◆ What you will do: Keep the pictures out and restate every record exactly.
BEGIN
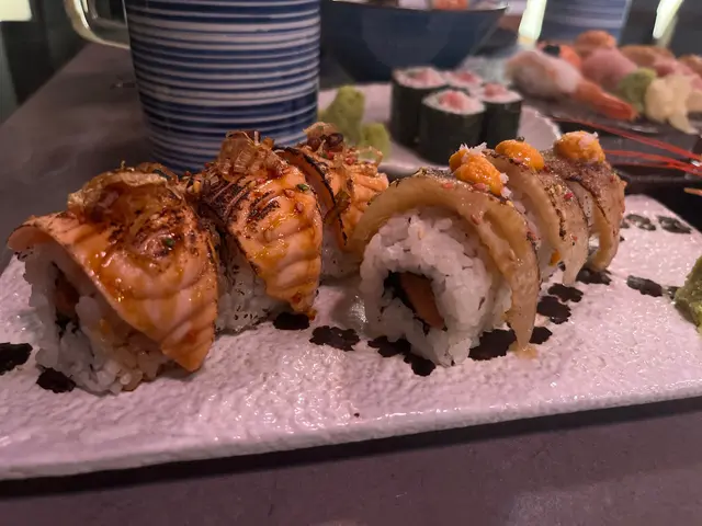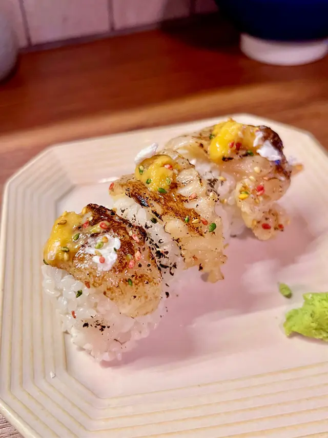 先試試店家嘅炸物,餐牌圖文並茂,見呢一款帶子他他賣相靚仔,就揀咗佢。外層脆漿唔算厚,最緊要喺做到脆而不膩,啲帶子好鮮甜,襯埋啲他他醬,加上三文魚籽,真喺相得益彰。
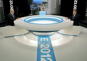 Alberto Núñez Feijóo (d), y Pachi Vázquez (i), en el primer debate electoral de las elecciones gallegas (Santiago, 8/10/2012).
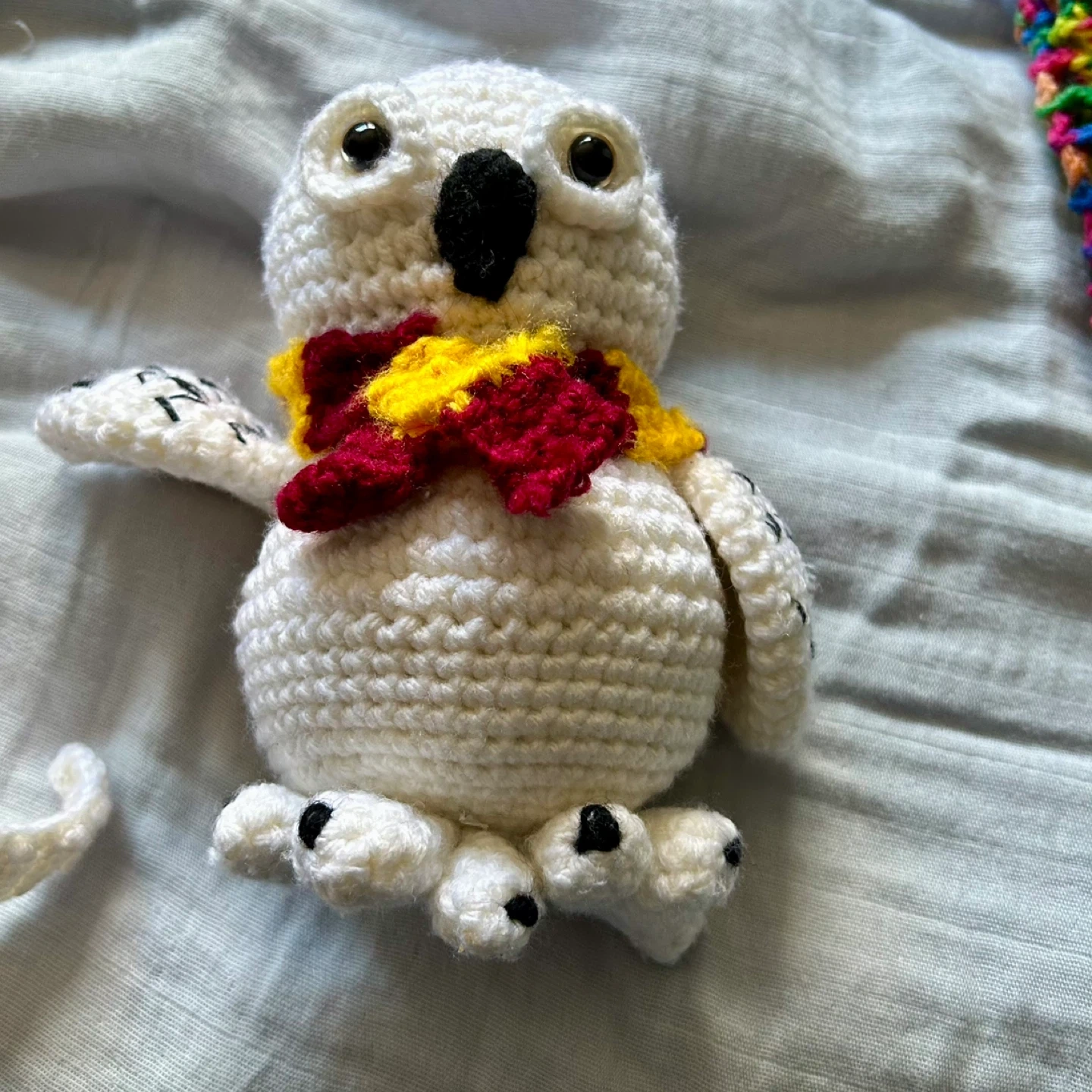A cute, handmade crocheted owl plushie! It's white with a Gryffindor-themed scarf (red and yellow). A perfect little friend for any Harry Potter fan!
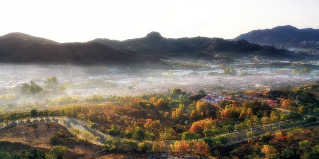 将这山水秋色挥笔胸中点墨 秋韵动人惹众人停驻醺醺然如酣梦刚醒暖阳秋风黄叶红果海大园不语似与秋日共沉醉
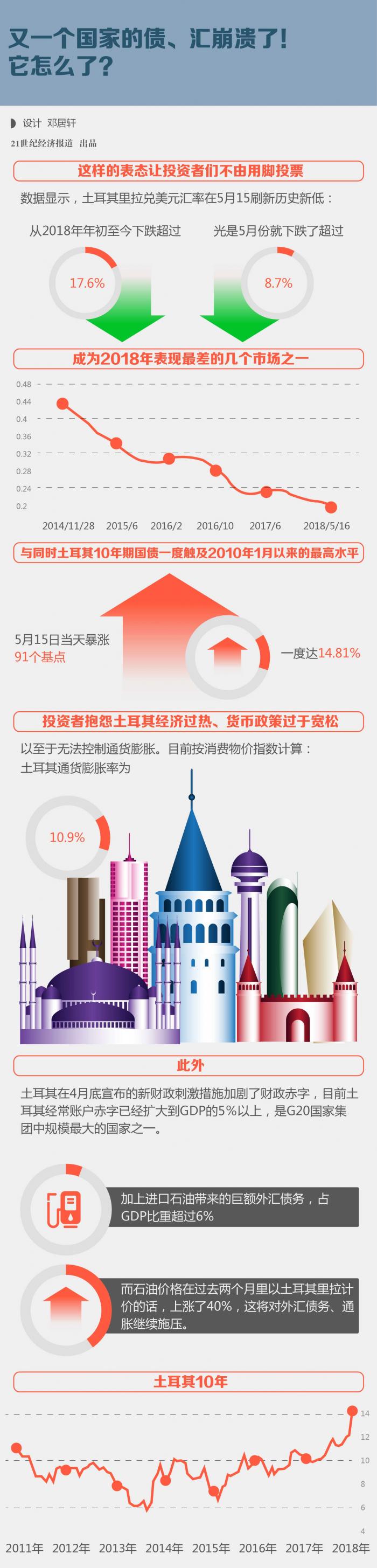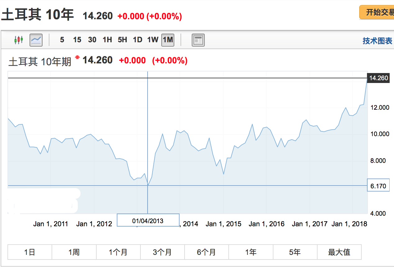 与同时土耳其10年期国债一度触及2010年1月以来的最高水平,5月15日当天暴涨91个基点,一度达14.81%。
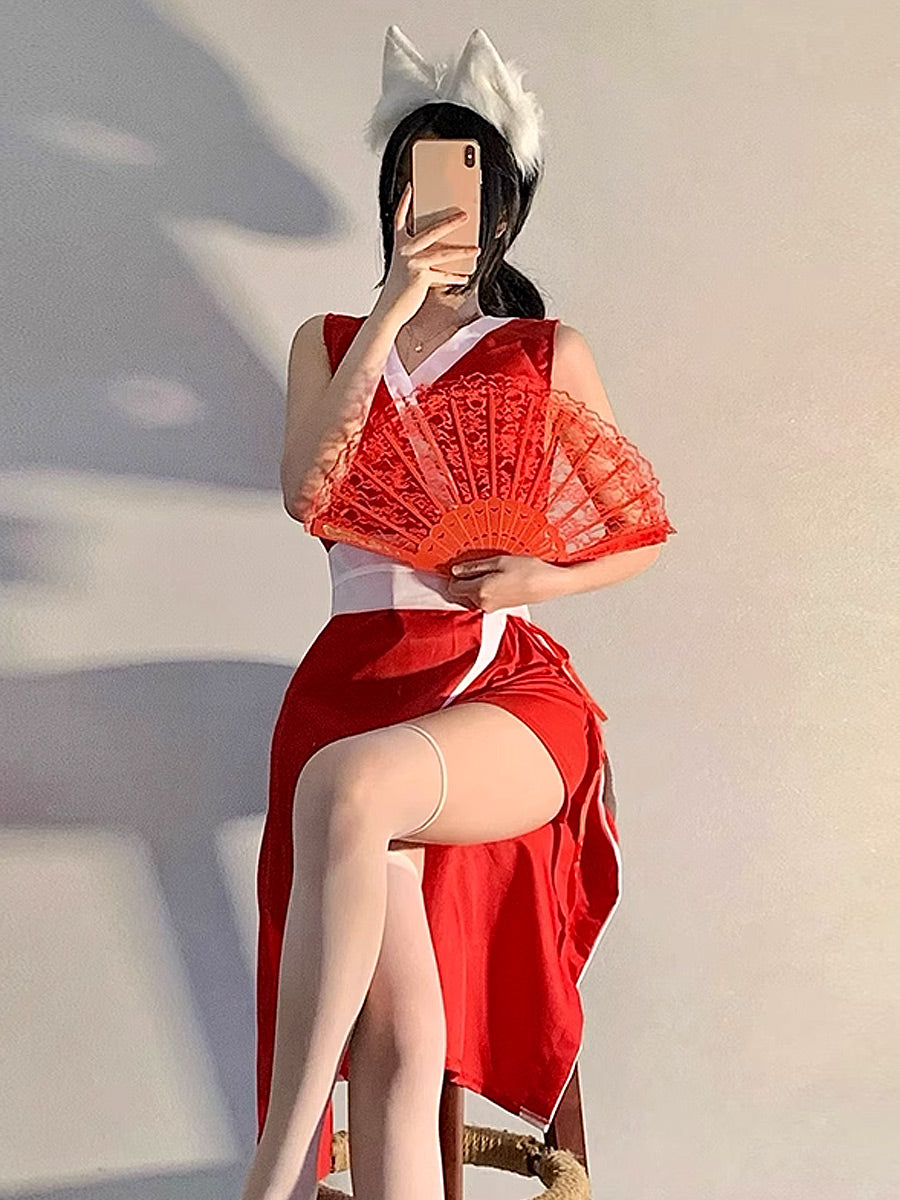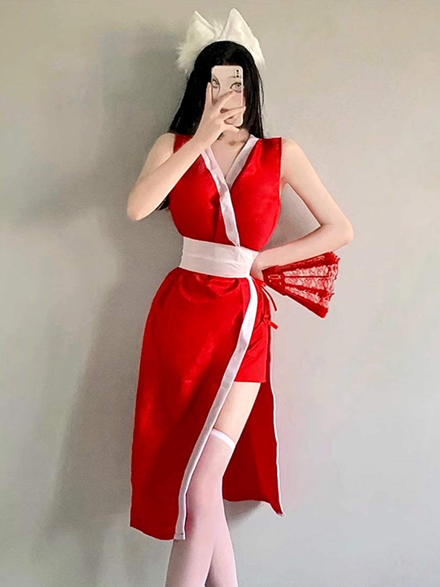 袖丈: ノースリーブデザイン:セクシーなアニメコスプレランジェリー 。白い幅広のトリムが付いた赤い忍者スタイルのドレス、フロントのドレープ生地パネル、ストリングウエストベルトが特徴で、快適なままあなたの曲線と体型を披露します。ハイスリットの裾は、蒸し暑い夜にぴったりで、お揃いのショーツも付いています。
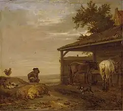 Twee trekpaarden bij een boerderij[40] | 1649 | 23,5 x 25,5 | Parijs, Musée du Louvre |
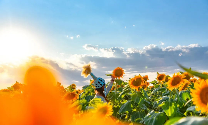 八月,视线聚焦在阿勒泰向日葵。大片黄洋洋的向日葵,与远处绵延的山,头上油画般的蓝天白云,一同绘制了一部,只有在童话世界里才能看得到的模样。
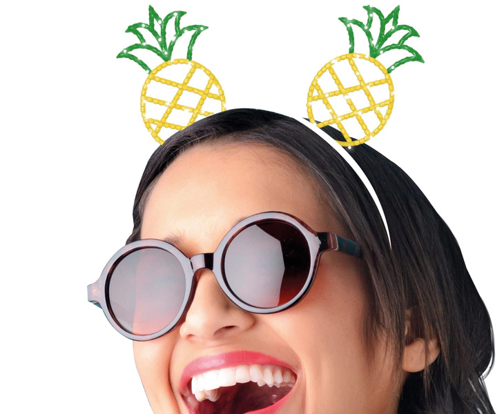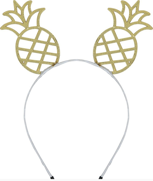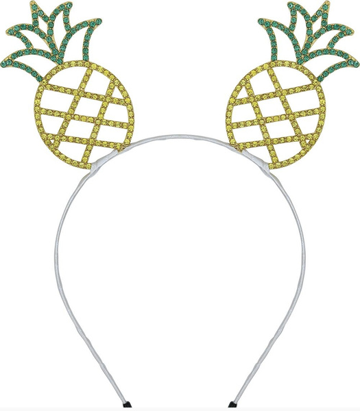 Biała opaska z dwoma ananasami - zdobione kolorowymi kamieniami.
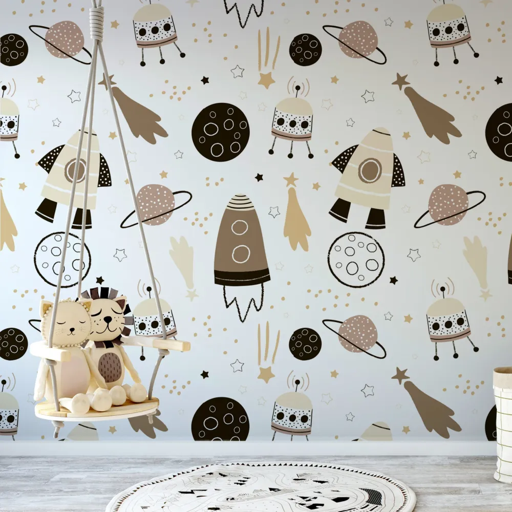 Transforme o quarto do seu filho em uma verdadeira nave espacial com o nosso Papel de Parede Espaço Infantil Bege. Este design encantador traz ilustrações de foguetes, estrelas, planetas e até mesmo UFOs, tudo isso em um fundo suave bege que combina perfeitamente com a decoração do ambiente. Estimule a imaginação e a curiosidade das crianças, proporcionando um espaço onde os sonhos podem alcançar as estrelas.
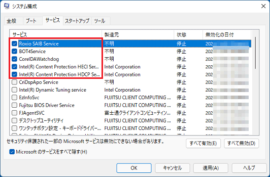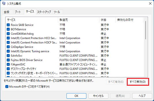 - 項目名をメモに控えたら、「すべて無効」ボタンをクリックします。
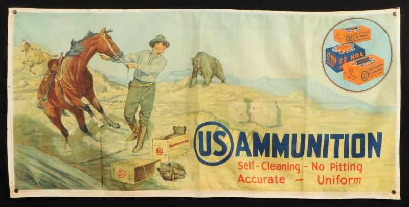 US Cartridge Shooting Gallery Banner. Rare. Est. 1919-1924 Measures 26.5" x 56"
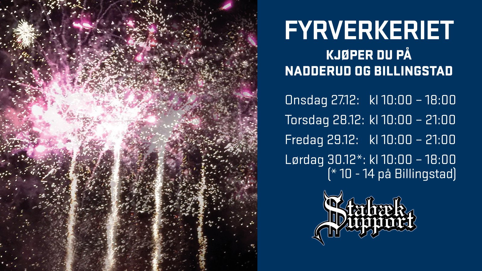 Trofaste supportere trosser vær og dropper juletilstelninger år etter år. Stabæk Suppport minner om at folk bør handle fyrverkeri de første dagene i romjulen for å unngå de store køene (se åpningstidene nederst i saken). Nyttårsaften holdes utsalg av fyrverkeri stengt, da lokale bestemmelser begrenser salget.
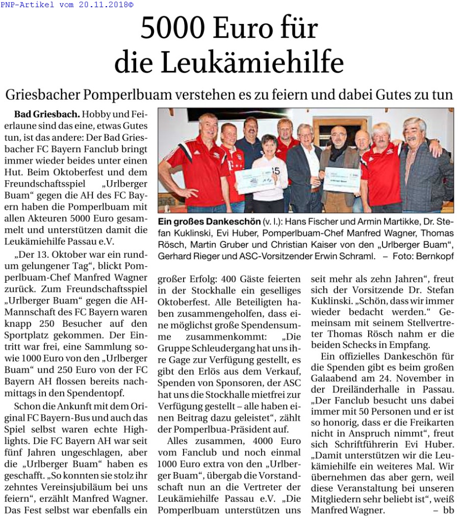 Bad Griesbacher „Pomperlbuam“ planen Benefizveranstaltung Bei einem Fanclub dreht sich alles um die Lieblingsmannschaft - könnte man meinen. Die Bad Griesbacher „Pomperlbuam“ haben sich nicht nur dem Fußball und dem FC Bayern verschrieben, sie finden auch das ganze Jahr über Gelegenheit, etwas für den guten Zweck zu tun.
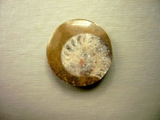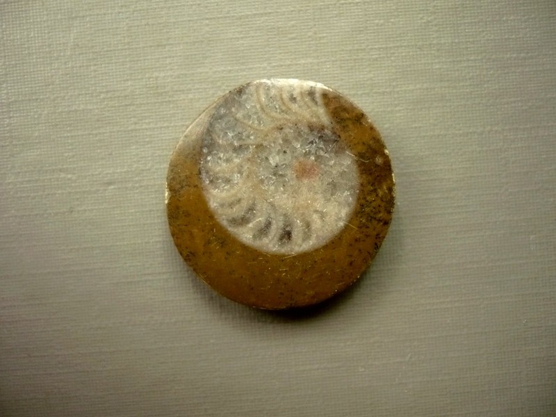 Amonit v matečné hornině - prvohorní fosílie, nevrtaný. Je leštěný svrchu, zespodu plochý, původ Maroko. Rozměry 23 x 23 x 5 mm. Vhodný do šperků, cínu, pro obšívání.
END
◆ Task answer:
 先試試店家嘅炸物,餐牌圖文並茂,見呢一款帶子他他賣相靚仔,就揀咗佢。外層脆漿唔算厚,最緊要喺做到脆而不膩,啲帶子好鮮甜,襯埋啲他他醬,加上三文魚籽,真喺相得益彰。
 Alberto Núñez Feijóo (d), y Pachi Vázquez (i), en el primer debate electoral de las elecciones gallegas (Santiago, 8/10/2012).
A cute, handmade crocheted owl plushie! It's white with a Gryffindor-themed scarf (red and yellow). A perfect little friend for any Harry Potter fan!
 将这山水秋色挥笔胸中点墨 秋韵动人惹众人停驻醺醺然如酣梦刚醒暖阳秋风黄叶红果海大园不语似与秋日共沉醉
 与同时土耳其10年期国债一度触及2010年1月以来的最高水平,5月15日当天暴涨91个基点,一度达14.81%。
 袖丈: ノースリーブデザイン:セクシーなアニメコスプレランジェリー 。白い幅広のトリムが付いた赤い忍者スタイルのドレス、フロントのドレープ生地パネル、ストリングウエストベルトが特徴で、快適なままあなたの曲線と体型を披露します。ハイスリットの裾は、蒸し暑い夜にぴったりで、お揃いのショーツも付いています。
 Twee trekpaarden bij een boerderij[40] | 1649 | 23,5 x 25,5 | Parijs, Musée du Louvre |
 八月,视线聚焦在阿勒泰向日葵。大片黄洋洋的向日葵,与远处绵延的山,头上油画般的蓝天白云,一同绘制了一部,只有在童话世界里才能看得到的模样。
 Biała opaska z dwoma ananasami - zdobione kolorowymi kamieniami.
 Transforme o quarto do seu filho em uma verdadeira nave espacial com o nosso Papel de Parede Espaço Infantil Bege. Este design encantador traz ilustrações de foguetes, estrelas, planetas e até mesmo UFOs, tudo isso em um fundo suave bege que combina perfeitamente com a decoração do ambiente. Estimule a imaginação e a curiosidade das crianças, proporcionando um espaço onde os sonhos podem alcançar as estrelas.
 - 項目名をメモに控えたら、「すべて無効」ボタンをクリックします。
 US Cartridge Shooting Gallery Banner. Rare. Est. 1919-1924 Measures 26.5" x 56"
 Trofaste supportere trosser vær og dropper juletilstelninger år etter år. Stabæk Suppport minner om at folk bør handle fyrverkeri de første dagene i romjulen for å unngå de store køene (se åpningstidene nederst i saken). Nyttårsaften holdes utsalg av fyrverkeri stengt, da lokale bestemmelser begrenser salget.
 Bad Griesbacher „Pomperlbuam“ planen Benefizveranstaltung Bei einem Fanclub dreht sich alles um die Lieblingsmannschaft - könnte man meinen. Die Bad Griesbacher „Pomperlbuam“ haben sich nicht nur dem Fußball und dem FC Bayern verschrieben, sie finden auch das ganze Jahr über Gelegenheit, etwas für den guten Zweck zu tun.
 Amonit v matečné hornině - prvohorní fosílie, nevrtaný. Je leštěný svrchu, zespodu plochý, původ Maroko. Rozměry 23 x 23 x 5 mm. Vhodný do šperků, cínu, pro obšívání.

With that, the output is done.